Butternut Squash Ravioli with Pumpkin Sage Sauce


Oh, Fall. Glorious  you are. In an effort to reduce our grocery budget and incorporate more veggies in our diet this meal was born. Thankfully Fall flavors are exceptionally awesome and are perfect for eating cheaply, quickly, and easily. This meal from start to finish could easily be done in less than 30 minutes. (Did you hear that, Rachael Ray?!) To jazz it up (and increase fat content) you could add ground sausage, substitute the milk for cream, mix in cheese ravioli…the possibilities are endless!
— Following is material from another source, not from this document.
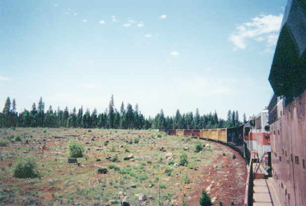 (Picture #98) near Cayton, CA, 5/2003. Twenty-four empty cars are stretched out behind the power this day. The empties are two covered hoppers for Dicalite at Cayton and 16 empty centerbeams and 8 empty woodchip hoppers for Sierra Pacific. |

Chris would have preferred some protein in the meal, I’m sure, and some grilled chicken would have been great on top or atop the Cesar salad I served with the meal.

Enjoy!

INGREDIENTS
1 pkg frozen, or refrigerated, butternut squash. (Ours came from the frozen section at Kroger)
2 T butter
1/3 red onion, diced
2 t diced garlic
10 sliced button mushrooms (or portobello’s would be a great substitution)
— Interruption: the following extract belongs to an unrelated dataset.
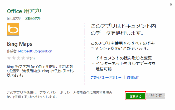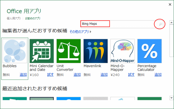 Office用アプリにBing Mapsを登録する Topへ

1 can organic stewed tomatoes. (Ours came from Costco)
3 beef bouillon cubes mixed into three cups of water.
2 tsp. sage.
1 tsp. pepper
2 t. parsley
1 c whole milk
1/4 c pureed organic pumpkin (pure pumpkin, without seasoning. Again, found ours at Costco)
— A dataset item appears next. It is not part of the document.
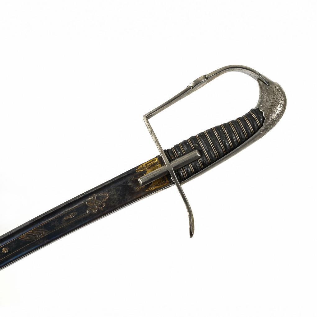 Stark gebogene, einschneidige Klinge mit Pandurenspitze, verstärktem Rücken und zwei schmalen Hohlschliffen. Unteres Drittel gebläut und graviert, teils vergoldet. Gefäß aus Eisen mit Vogelkopfknauf und Oval im flachen Bügel. Ledergriff mit gedrilltem Draht. Metallscheide auf einer Seite glatt, auf der anderen Seite dreifach kanneliert. Zwei bewegliche Ringe. Scheide mit Korrosionsnarben.
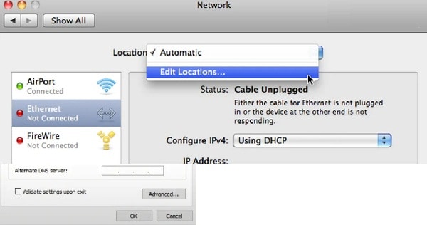 - Luego, selecciona Editar ubicaciones e ingrese un nombre para la conexión, como Statis IP.

*note: there is a recipe on the back of the frozen ravioli that has a Sage Cream sauce. The recipe above is adapted from that to make it healthier by adding more vegetables and less fat.*

METHOD
Melt butter in a large stock pot and sautee onion, garlic, and mushrooms until tender-about 5 minutes. To this add the tomatoes, beef stock, sage, pepper, and parsley. Allow to simmer for 30 minutes and add pumpkin. Once mixed together add uncooked ravioli. Allow ravioli to cook until tender- about 7 min for frozen and 3 min for refrigerated. Add milk once cooked and allow flavors to come together for additional cooking time. We had about 15 minutes to spare and allowed the pasta to absorb some of the goodness. This sauce will be thin. You could thicken it by making a roux with flour or cornstarch plus some of the liquid from the sauce. Allowing the sauce to cook longer will reduce its volume and also yield a thicker base.